Native syntax for type variants:

Assay:
  discriminator: assay_type
  common_fields: [file_name, study_id, measurement_type]
  variants:
    nmr:
      fields: [pulse_sequence, magnetic_field_strength]
    lcms:
      fields: [chromatography_instrument, ionization_mode]
  • Cleanest developer experience
  • Type-safe at model generation time
  • Self-documenting specs

This should be prioritized to avoid metaseed becoming a constraint on schema expressiveness.

Other Design Decisions

Sample Flow

ISA-Tab models sample processing as: Source → Sample → Extract → (assay)
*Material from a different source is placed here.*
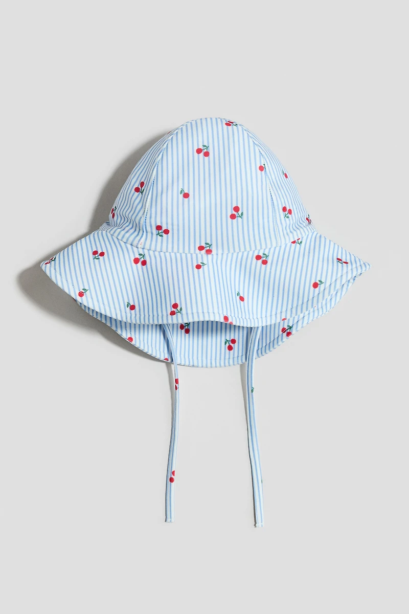 Chapeau de soleil en textile UPF 50 protégeant des UV. Modèle avec liens à nouer sous le menton et prolongement sur l'arrière pour protéger la nuque.

MetaboLights follows this, but the metaseed profile simplifies it to direct references rather than process chains.

Metabolite Identification

The MetaboliteAssignment entity captures identified metabolites with: - Chemical identifiers (ChEBI, InChI, SMILES) - Spectral coordinates (retention time, m/z) - MSI confidence level (1-4)

This is linked to assays rather than studies, reflecting that identifications come from specific analytical runs.

Controlled Vocabularies

MetaboLights uses several ontologies: - ChEBI for metabolite identifiers - PSI-MS for mass spectrometry terms - NCBI Taxonomy for organisms - Unit Ontology for measurements

These are validated via the ontology_term field property and the OntologyService.